Una ripida fessura. La si affronta
in salita nel mio senso di marcia

Lo strapiombante camino conclusivo
che mi ha creato qualche problema

Altra sosta: "Uffa, ma quanto mancherà alla fine?", penso fra me e me con un briciolo di insofferenza. Lo chiedo all'ennesimo tedesco in direzione contraria: "One minute!", è la rassicurante risposta. Infatti giro una rupe e... sorpresa, il panorama è completamente diverso! La ferrata è conclusa, e per scendere a valle c'è solo un normale sentiero. In una quarantina di minuti, andando tranquillo, sono al Rifugio Roda di Vael. All'esterno un cartello spiega il tracciato della ferrata, dandone la seguente definizione globale, che sottoscrivo in pieno: "Percorso di media difficoltà ma con passaggi difficili o molto difficili. Da affrontare solo con condizioni meteo assolutamente stabili". Compro due cartoline e vi appongo il timbro, mangio un po' di cioccolata e mi rilasso: un grande senso di soddisfazione mi pervade. Oltre alle alte cime dove mi trovavo poco fa, ammiro i Mugoni, le Cigolade e i Dirupi di Larsec. Per rientrare al Rifugio Paolina, dove mi aspetta la seggiovia, utilizzo il comodo e famoso "Sentiero Christomannos", che circa a metà presenta una caratteristica, grande aquila bronzea.

La cresta del Masaré
dal Rifugio Roda di Vael

L'aquila di bronzo lungo il
Sentiero Christomannos

Alle cinque giungo al Paolina: però, quanto ho camminato anche oggi! La "parete rossa" della Roda di Vael e la cresta del Masaré sono adesso inondate di sole e mi appaiono ben più rassicuranti rispetto al mattino, forse anche per la consapevolezza di esser riuscito nella mia "impresa"... Pure lo scendere in giù in seggiovia mi pare infine interessante, per via dei colpi d'occhio sullo Schenon e sulla frana lungo cui si snoda il Labirinto, poi sulle Torri del Latemar e sui prati che dominano la conca di Carezza.

La splendida "parete rossa" della
Roda di Vael dal Rifugio Paolina

Lo Schenon e le Torri del Latemar
scendendo con la seggiovia

La gita è molto lunga e faticosa se si sceglie l'intera traversata, così come ho fatto io; diventa più abbordabile se si opta solo per una delle due ferrate.

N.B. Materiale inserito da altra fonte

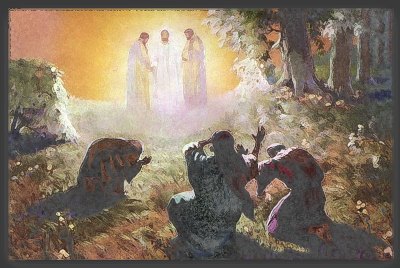 Matthew 16:28 –Matthew 17:1-9 And I tell you the truth, some standing here right now will not die before they see the Son of Man coming in his Kingdom.” Six days later Jesus took Peter and the two brothers, James and John, and led them up a high mountain to be alone. As the men watched, Jesus’ appearance was transformed so that his face shone like the sun, and his clothes became as white as light. Suddenly, Moses and Elijah appeared and began talking with Jesus. Peter exclaimed, “Lord, it’s wonderful for us to be here! If you want, I’ll make three shelters as memorials—one for you, one for Moses, and one for Elijah.” But even as he spoke, a bright cloud overshadowed them, and a voice from the cloud said, “This is my dearly loved Son, who brings me great joy. Listen to him.” The disciples were terrified and fell face down on the ground. Then Jesus came over and touched them. “Get up,” he said. “Don’t be afraid.” And when they looked up, Moses and Elijah were gone, and they saw only Jesus. As they went back down the mountain, Jesus commanded them, “Don’t tell anyone what you have seen until the Son of Man has been raised from the dead.”
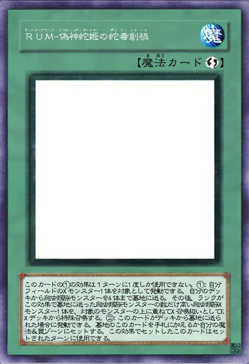 | このカードの①の効果は1ターンに1度しか使用できない。①:自分フィールドのXモンスター1体を対象として発動できる。自分のデッキから爬虫類族モンスターを4体まで墓地に送る。その後、ランクがこの効果で墓地に送った爬虫類族モンスターの数だけ高い爬虫類族Xモンスター1体を、対象のモンスターの上に重ねてX召喚扱いとしてEXデッキから特殊召喚する。②:このカードがデッキから墓地に送られた場合に発動できる。墓地のこのカードを手札に加えるか自分の魔法&罠ゾーンにセットする。この効果でセットしたこのカードはセットされたターンに使用できる。 | |||

Va infatti precisato che esistono due altri punti di accesso (o di fuga, a seconda dei casi): uno alla Forcella delle Rode, l'altro alla cresta fra Torre Finestra e Roda del Diavolo, entrambi piuttosto vicini al Rifugio Roda di Vael. Si potrà così scegliere a piacere dove attaccare o dove smettere, escludendo ad esempio la difficile parete presso la Forcella delle Rode. Delle due ferrate, quella della Roda di Vael non crea problemi all'escursionista allenato e dotato di piede fermo; quella del Masaré è assai più impegnativa ed esposta, sicuramente da sconsigliare a chi soffre di vertigini, ancorché gli infissi, come detto, siano più che buoni.